Vivo
Directed by Kirk DeMicco
Screenplay by Kirk DeMicco & Quiara Alegría Hudes
Story by Peter Barsocchini & Quiara Alegría Hudes
Produced by Lisa Stewart, Michelle L.M. Wong & Rich Moore
Starring Lin-Manuel Miranda, Zoe Saldana, Juan de Marcos, Brian Tyree Henry, Michael Rooker, Nicole Byer, Ynairaly Simo & Gloria Estefan
Cinematography Yong Duk Jhun
Edited by Erika Dapkewicz
Music by Alex Lacamoire
Vivo isn’t going to make anyone forget last year’s brilliant, Oscar-winning Soul, but it has its own charms. A Havana street musician Andrés Hernández (played engagingly by Juan de Marcos González) gets a letter from an old flame (Marta, played by Gloria Estefan) who moved to Miami (presumably before 1959) and is wrapping up a long and successful singing career and wants Andrés to come to the United States to join her in her finalé. He loves the idea, although Vivo, the eponymous kinkajou who is his pet/co-star (Lin-Manuel Miranda), is deeply skeptical. Like all kinkajous, Vivo speaks perfect English but humans are too dumb to understand him.

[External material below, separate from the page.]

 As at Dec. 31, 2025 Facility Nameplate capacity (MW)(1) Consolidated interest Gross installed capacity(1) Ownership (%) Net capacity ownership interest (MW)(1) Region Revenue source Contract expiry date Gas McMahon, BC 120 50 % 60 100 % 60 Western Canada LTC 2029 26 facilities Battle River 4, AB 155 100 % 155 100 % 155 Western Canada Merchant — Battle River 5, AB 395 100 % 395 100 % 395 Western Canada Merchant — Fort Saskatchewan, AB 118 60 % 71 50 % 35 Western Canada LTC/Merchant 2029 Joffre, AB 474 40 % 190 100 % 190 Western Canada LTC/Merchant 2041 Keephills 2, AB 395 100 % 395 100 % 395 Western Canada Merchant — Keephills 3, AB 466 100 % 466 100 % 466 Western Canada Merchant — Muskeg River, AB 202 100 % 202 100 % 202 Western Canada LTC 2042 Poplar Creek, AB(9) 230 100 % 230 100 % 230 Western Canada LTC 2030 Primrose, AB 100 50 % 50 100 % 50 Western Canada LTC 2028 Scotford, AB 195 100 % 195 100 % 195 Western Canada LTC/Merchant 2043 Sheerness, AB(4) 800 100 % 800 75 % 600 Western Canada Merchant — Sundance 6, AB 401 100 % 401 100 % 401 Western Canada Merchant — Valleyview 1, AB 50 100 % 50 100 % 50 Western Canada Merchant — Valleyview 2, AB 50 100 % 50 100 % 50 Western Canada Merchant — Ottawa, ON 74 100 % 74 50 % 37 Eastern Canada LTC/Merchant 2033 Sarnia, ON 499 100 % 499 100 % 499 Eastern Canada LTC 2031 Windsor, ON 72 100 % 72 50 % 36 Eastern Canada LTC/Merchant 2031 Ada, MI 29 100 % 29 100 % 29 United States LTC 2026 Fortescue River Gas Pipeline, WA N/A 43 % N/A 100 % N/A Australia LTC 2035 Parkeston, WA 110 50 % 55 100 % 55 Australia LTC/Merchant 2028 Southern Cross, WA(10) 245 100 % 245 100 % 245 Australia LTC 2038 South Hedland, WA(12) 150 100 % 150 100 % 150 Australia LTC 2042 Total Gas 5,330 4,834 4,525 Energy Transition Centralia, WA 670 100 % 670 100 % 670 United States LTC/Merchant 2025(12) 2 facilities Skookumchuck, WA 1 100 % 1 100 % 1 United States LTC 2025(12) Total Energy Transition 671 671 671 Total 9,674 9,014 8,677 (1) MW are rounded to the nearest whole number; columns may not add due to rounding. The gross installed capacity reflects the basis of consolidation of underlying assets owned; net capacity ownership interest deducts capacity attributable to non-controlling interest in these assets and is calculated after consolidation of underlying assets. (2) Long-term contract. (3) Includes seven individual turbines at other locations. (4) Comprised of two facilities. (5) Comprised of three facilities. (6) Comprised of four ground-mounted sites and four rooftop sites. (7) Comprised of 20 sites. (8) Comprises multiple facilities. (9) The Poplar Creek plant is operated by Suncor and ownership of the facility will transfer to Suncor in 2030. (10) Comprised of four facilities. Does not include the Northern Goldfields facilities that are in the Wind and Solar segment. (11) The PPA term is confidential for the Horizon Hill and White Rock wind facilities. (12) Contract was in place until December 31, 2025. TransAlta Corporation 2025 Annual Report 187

Andrés is wildly excited, especially since he finds a sheet of paper with the song he wrote for her way back when. Unfortunately, he dies in his sleep that night. The sheet of music blows out the window because that’s what sheets of music always do, and Vivo gives chase, retrieving the paper and encountering Gabi, an odd nine-year-old girl with purple hair and a talent for rapping. Gabi, an American, is returning to Miami in a few days, and between Andrés’ funeral and the music puts two and two together and realizes that she must get this music to Marta before her performance, along with an explanation of why Andrés himself couldn’t be there.
Gabi smuggles Vivo into the US because any nine year old girl can easily smuggle a 35 pound animal into the US at will, and they set out for Miami. They miss the bus, are waylaid by Gabi’s girl troopers who expect her to sell cookies, and wind up in the everglades, peopled with annoying flamingos and the absolute best animated snake villain since Rango.
It’s a lightweight film, glossing over the sorry history of US/Cuba relations and most of the characters are, well, cartoonish. But the musical score by itself makes the movie worth watching, and the Cubans are treated with respect, if glossed over.
The kids will like it, and the music gives it enough heft that adults that like the genre will enjoy the movie.
Now on Netflix.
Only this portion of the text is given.